Links zum Einlesen: 

Java Web Start ? Wikipedia
Was ist Java Web Start, und wie wird es gestartet?
Einführung in JNLP und Java Web Start


----------



## irgendjemand (13. Apr 2012)

@l-ectron-x
webstart ist vermutlich ne ganz super lösung ... aber wirklich "praktikabel" ist webstart auch nur unter windows mit IE als browser ... denn bei allen anderen konfigurationen greift schon alleine das auto-setup *welches über ActiveX läuft* schon nicht mehr ... führt also im backend zu einem riesen aufwand um alleine mit der website alle möglichen browser/OS kombinationen zu unterstützen ...

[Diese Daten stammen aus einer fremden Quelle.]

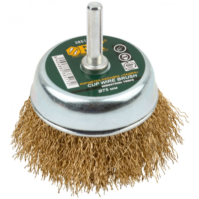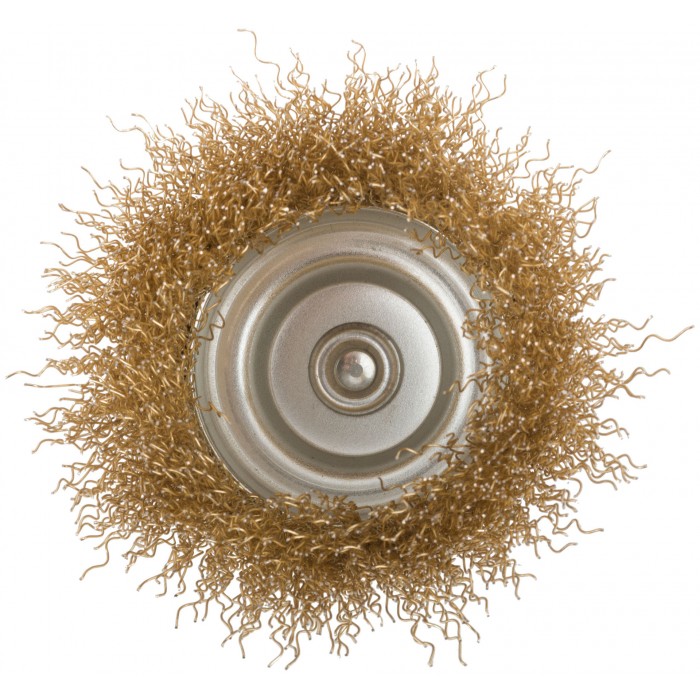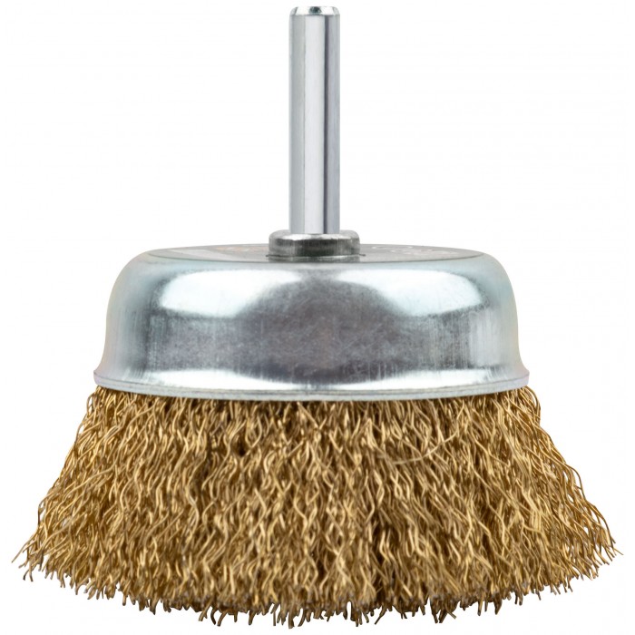 Корщетка-чашка, со штифтом, стальная латунированная волнистая проволока 75 мм (38517)
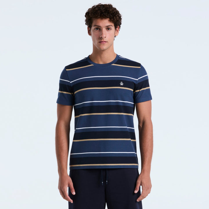 Esta camiseta Original Penguin para hombre te ofrece un estilo informal. Esta cómoda camiseta de manga corta está confeccionada en algodón para una comodidad transpirable. El corte entallado y el tejido de piqué combinan estilo y comodidad. Las rayas horizontales le dan un look atemporal y relajado que combina a la perfección con vaqueros y shorts.

auch ist webstart eher als eine art applet-viewer als für richtige applications gedacht ... denn apps innerhalb der webstart VM laufen in der selben sandbox wie applets im browser ... was mit unter zu problemen führen kann und in der regel eine signierung des gesamten codes nötig macht ...

@TO
du siehst : es gibt möglichkeiten ... aber die "frage" ist halt schlecht gestellt um dir genug infos geben zu können


----------



## L-ectron-X (13. Apr 2012)

irgendjemand hat gesagt.:


> aber wirklich "praktikabel" ist webstart auch nur unter windows mit IE als browser ... denn bei allen anderen konfigurationen greift schon alleine das auto-setup *welches über ActiveX läuft* schon nicht mehr ...


Hast du das durch eigene Tests ermittelt, oder irgendwo mal gelesen?
Jedenfalls kannst du getrost dieses (vermutlich veraltete) Wissen aus deinem Gedächtnis streichen.

Ich arbeite schon seit Jahren mit Opera, der weiß gar nicht, was ActiveX ist. Und dennoch startet er meine Webstart-Anwendungen. Genauso wie der Firefox.

Es gibt für die technische Kompatibilität nur eine Bedingung: der Webserver muss die Dateiendung .jnlp verarbeiten können. (das machen die meisten Webserver)
Die jnlp-Datei ist eine Textdatei, die in XML-Form einige Informationen über die Konfiguration, abhängige Bibliotheken und minimalste JRE sowie die Anwendung selbst speichert. Diese Datei wird in einer Webseite als Link angeboten. Der Benutzer läd diese jnlp-Datei herunter und startet (doppelklickt) sie lokal auf seinem System.
Da die Anwendung jedoch aus dem Netz heruntergeladen wurde, untersteht die den Einschränkungen der Sandbox - genau wie ein Applet.



irgendjemand hat gesagt.:


> und in der regel eine signierung des gesamten codes nötig macht ...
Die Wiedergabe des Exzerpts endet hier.